Leah Stevens moves to a small town in Pennsylvania with her friend Emmy Grey. She needs to start over and leave behind the scandal that ended her journalism career and almost destroyed her. She takes up a teaching position in the local high school while Emmy, with her background in NGO work, struggles with part-time jobs. It is not a peaceful existence as she struggles with forgetting her past and getting used to living in the isolated house near the lake that Emmy was intent on living in.
When there is a vicious crime near Leah’s house, and Leah reports Emmy missing, all hell breaks loose. Leah realizes that her new house is not so safe after all, and someone seems to be stalking her. As things unravel, it dawns on Leah that there is no evidence that Emmy Grey even existed, and now she herself is the prime suspect in a murder investigation. Now Leah not only has to prove herself innocent by finding Emmy Grey, she also has to see her past with new eyes.
The character of Leah is a good one. She has a journalist’s instincts and reactions, and she is ready to go to any length to get to the truth. The setting of the book is also true to a thriller. The glass walls that make the front of the house visible to anyone from outside, struck as quite creepy, and I kept imagining how it would feel to sleep in a house like that.

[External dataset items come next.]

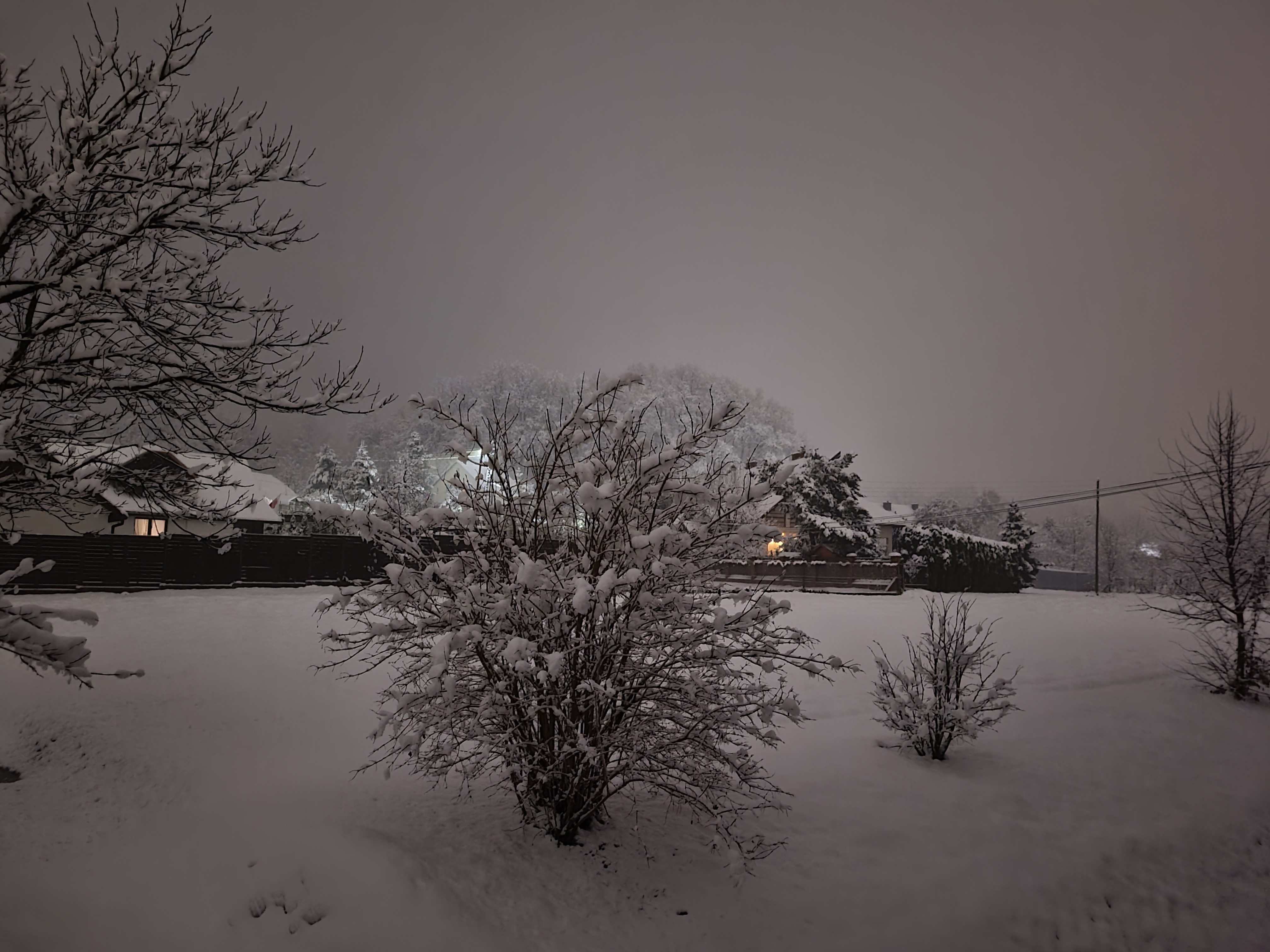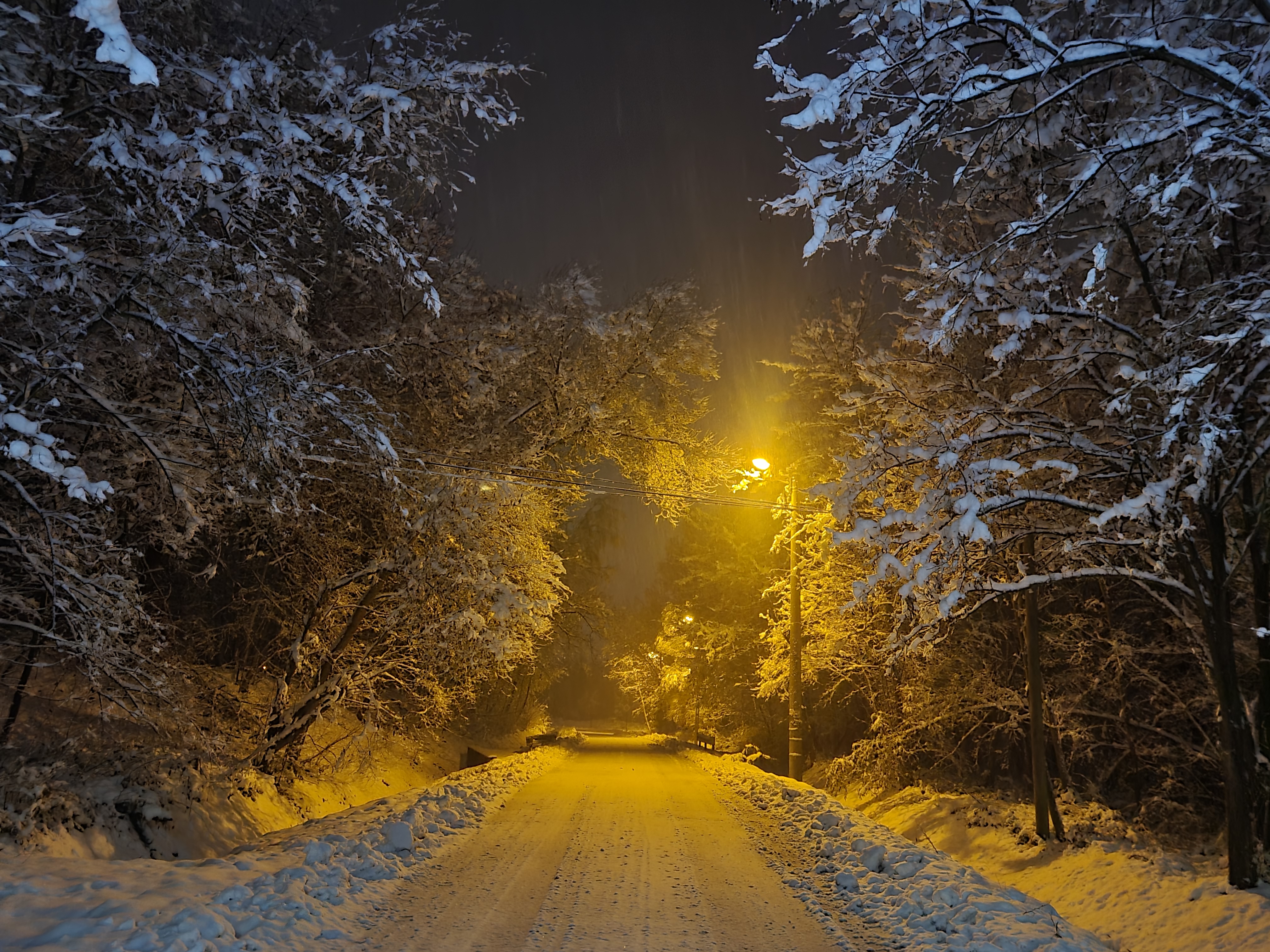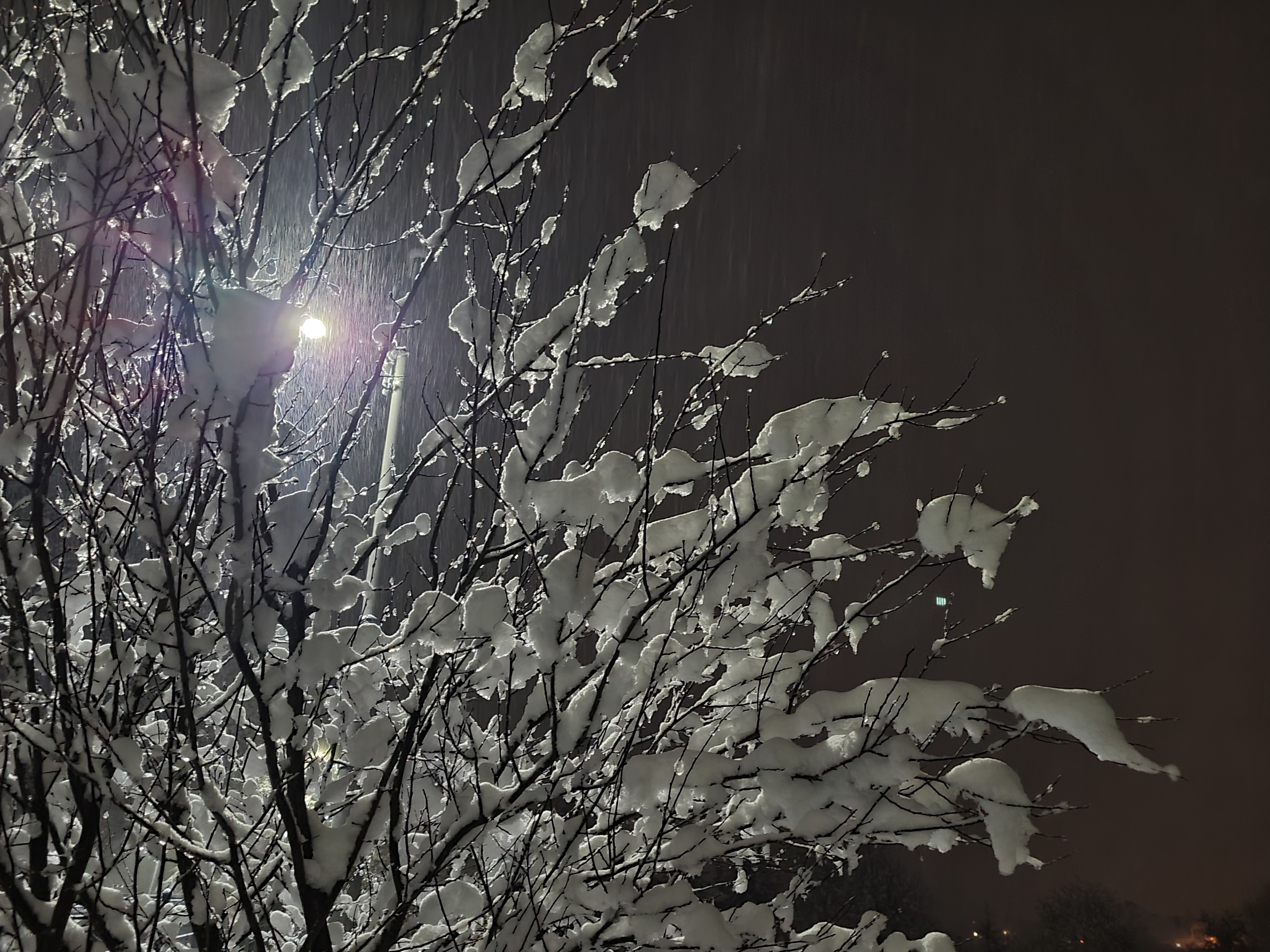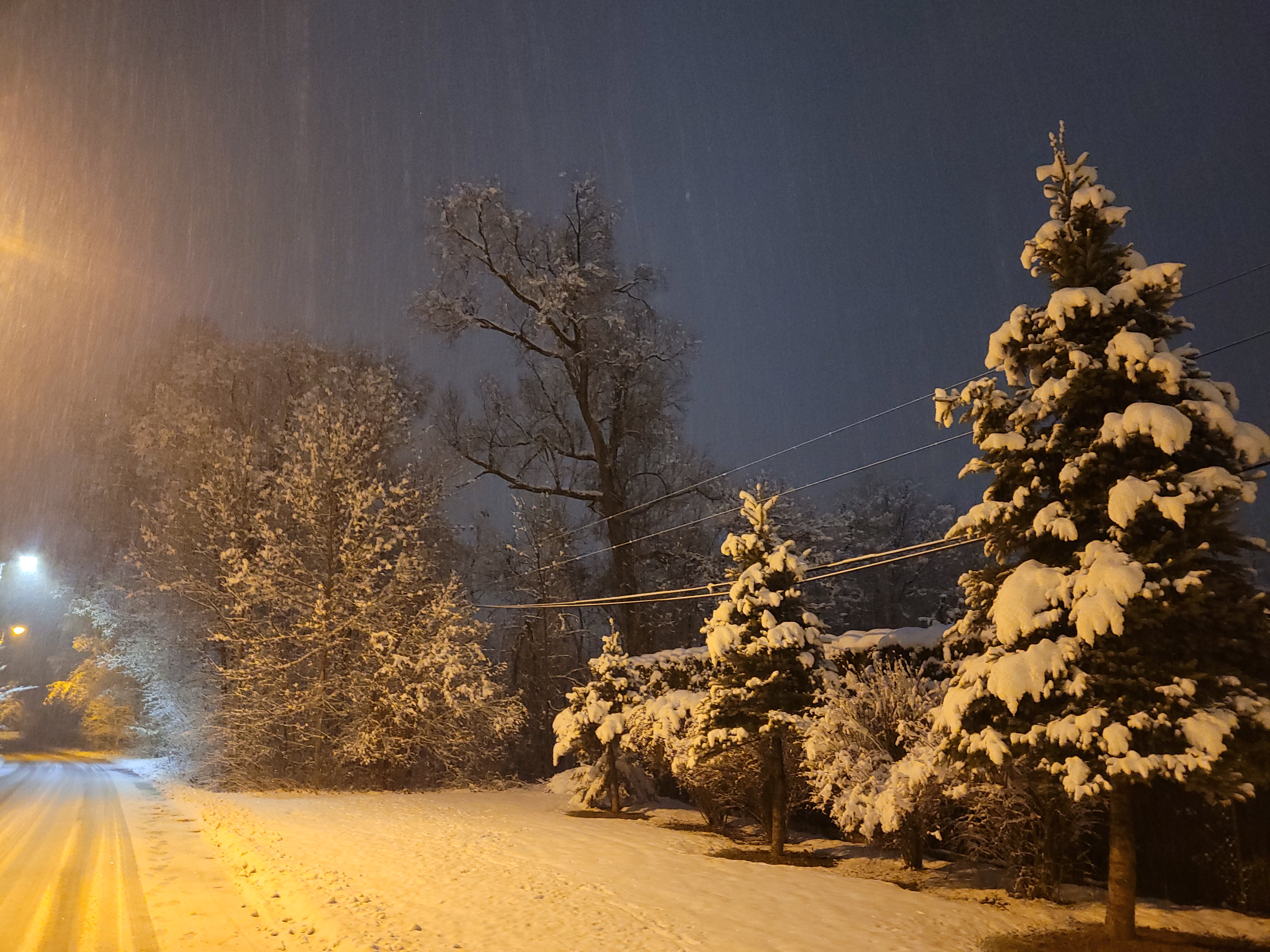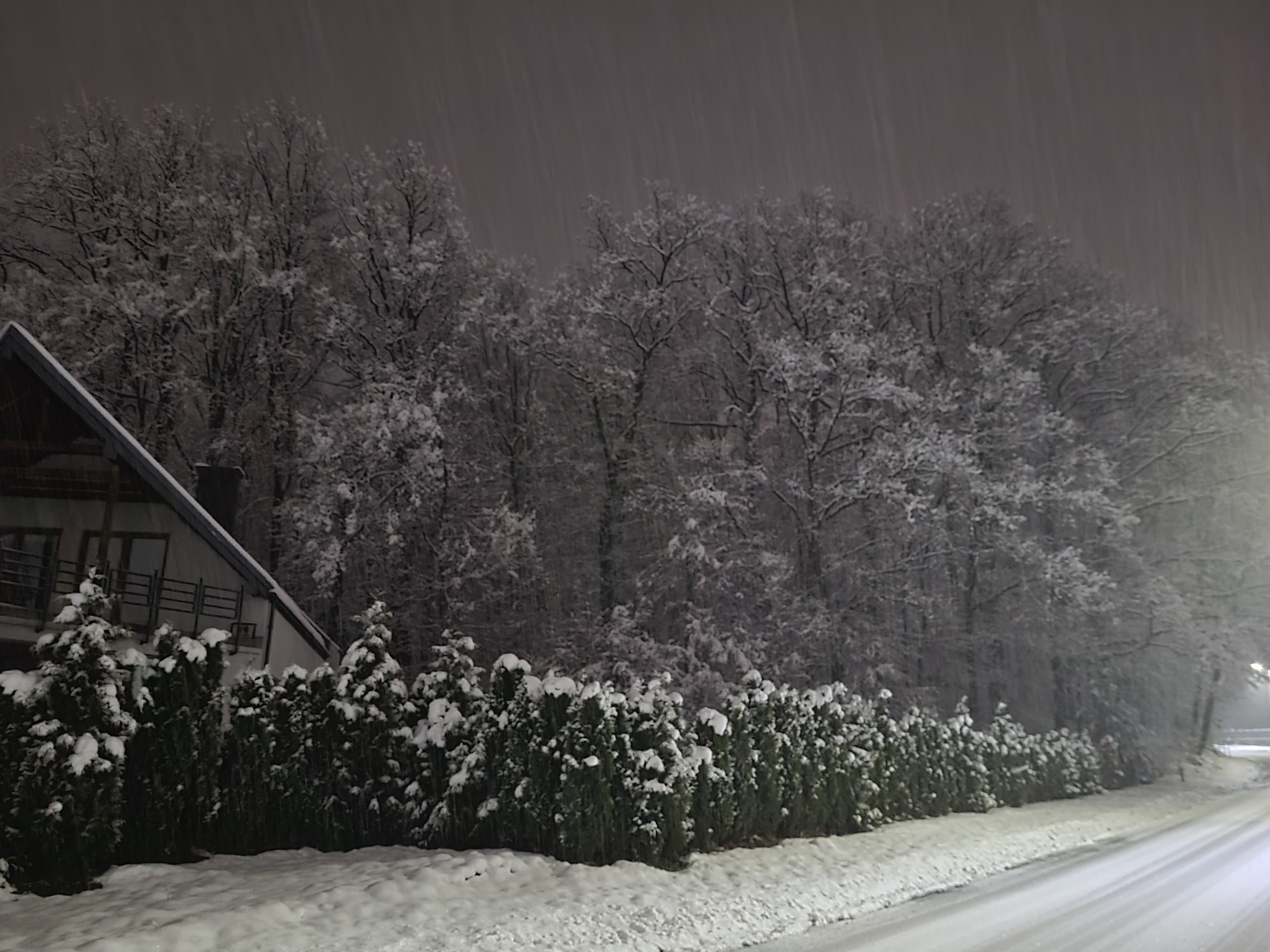 Najbardziej mi się podobają fotki przy białym (LEDowym) oświetleniu. Bo przy pomarańczowym oświetleniu sodowym kolor śniegu jest po prostu przekłamany. A z powodu jego wysokiego albedo mocno odbija on światło, więc chmury też są bardziej pomarańczowe niż zazwyczaj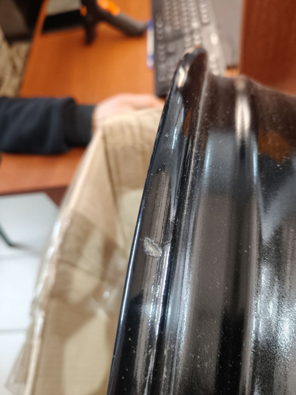 Диск новый. Есть небольшое замятие, потертости.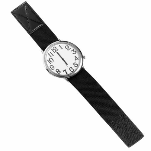 This extra large watch has a 1.6″ wide face within a 2″ case, providing extra large visibility and clarity. Bold black hands are featured on a white face with bold black numbers so that you can read the time with ease.
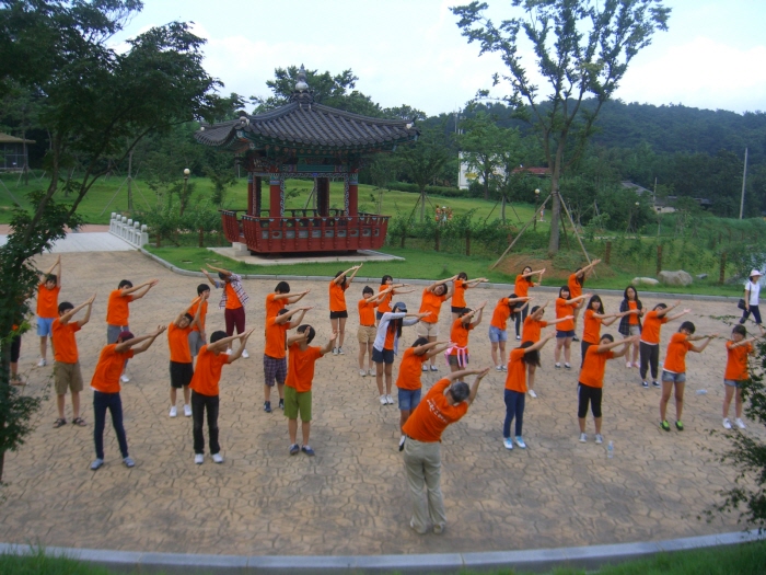 아침에는 기를 바로 펴는 수업으로 하루 를 시작하는 선비의 생활을 체험했습니다.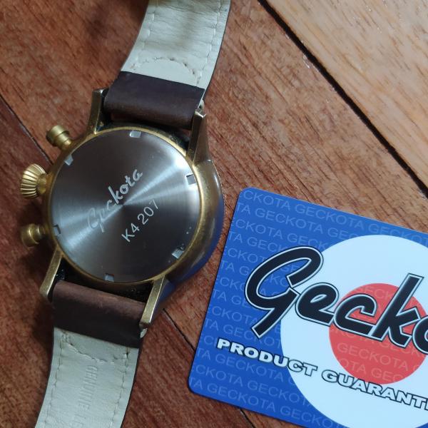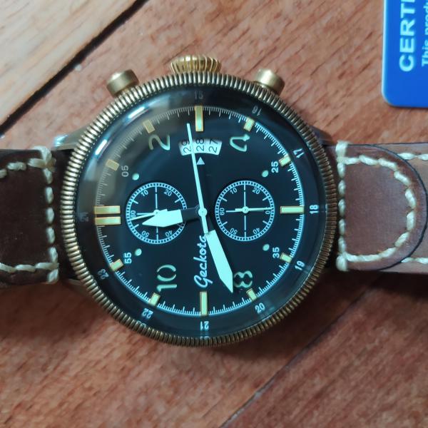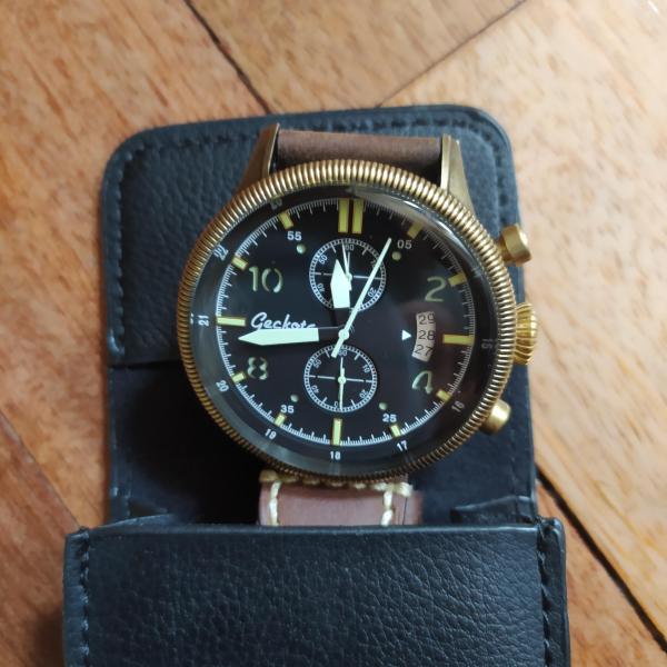 Reloj tipo pilot de la marca británica Geckota, modelo ya descatalogado, las nuevas colecciones rondan las 400/500 libras (sin contar el rejón de aduanas) mecanismo de cuarzo Seiko VD51, la caja mide 46 mm y acabada en bronce, cristal mineral templado y abombado, esfera Super-LumiNova, lumen en agujas y números, resistente al agua hasta 50 m/5 atm, precisión ±20 segundos/mes, correa de piel gruesa de muy buena calidad (esta casa fabrica unas correas excelentes, que vende independientemente de los relojes), va con un estuche en piel y tarjeta de garantía (expirada). Envío por correo certificado con numero de seguimiento incluido en el precio , la correa tiene una micro marca de unos dos mm ,ver foto, posiblemente de rozar con una pulsera. El ultimo cambio de batería fue en mayo, y me costo 4 euros. El único motivo de venta es porque estoy cambiando parte de mi colección a maquinas automáticas.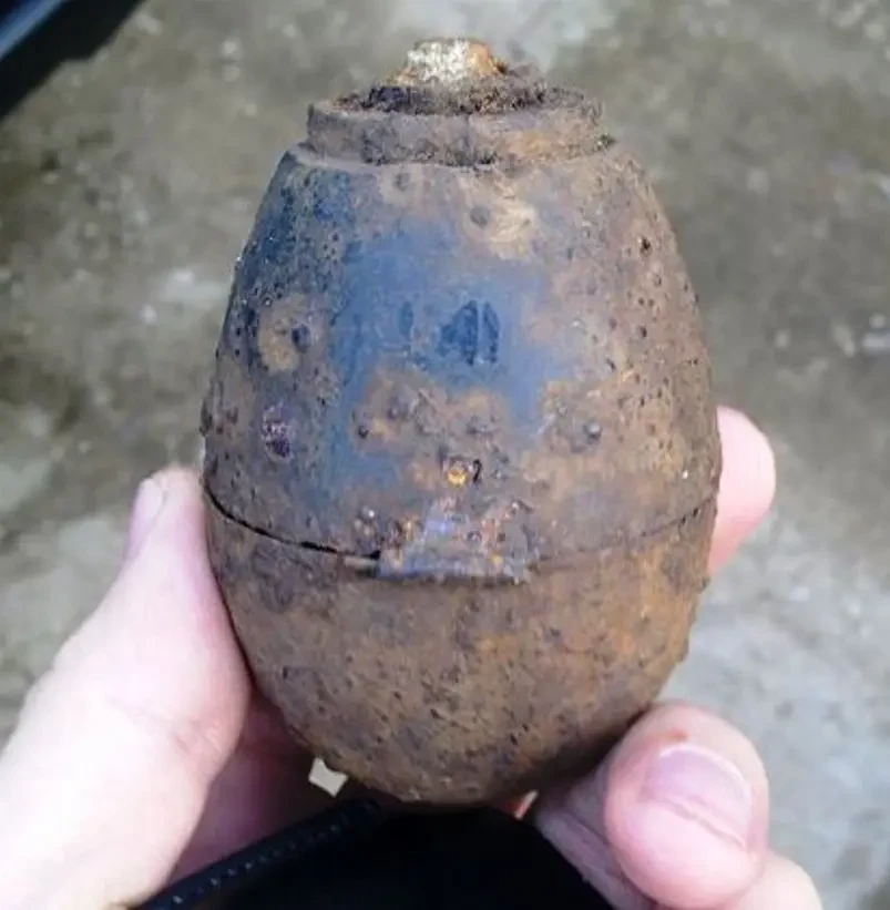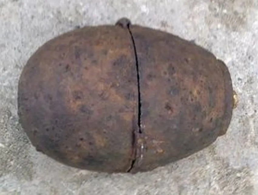 50-мм самодельная агитационная мина, найденная поисковыми отрядами в раскопе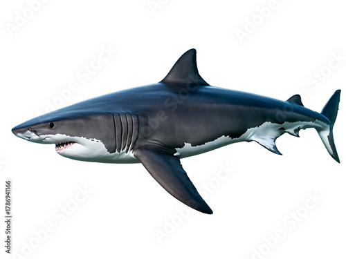 © Thanawadee, Obraz premium Great White Shark Head-On View Isolated on White Background

Even though the characters and setting were good, I wish the writer had given some more reality to the narrative.
The irritant in this book was the way Leah Stevens describes everything, from her relationship to her family, to the scandal that made her run away, in terms that seemed to be coming out of the mouth of a psychologist rather than a journalist. Saying something like, “Have you ever wondered if what we’re doing is the only path? If we weren’t meant for something else?” when all her sister asked was what was going on; who talks like that in the real world?
The climax was also a bit of a disappointment. After so many twists and turns, the end was like a fizzled bomb. It was rushed. and there were some loose ends that were not dealt with. The most glaring one being the fate of Theo Burton and how the evidence that seemed so flimsy a couple of pages back, was suddenly enough to detain him. Then there was the last confrontation that was over almost as soon as it began, and leaves you feeling like you were cheated out of a good climax after spending so much time reading the book.
Overall, I enjoyed reading the book and would give it 3.5 stars. I just wish the ending had been a better.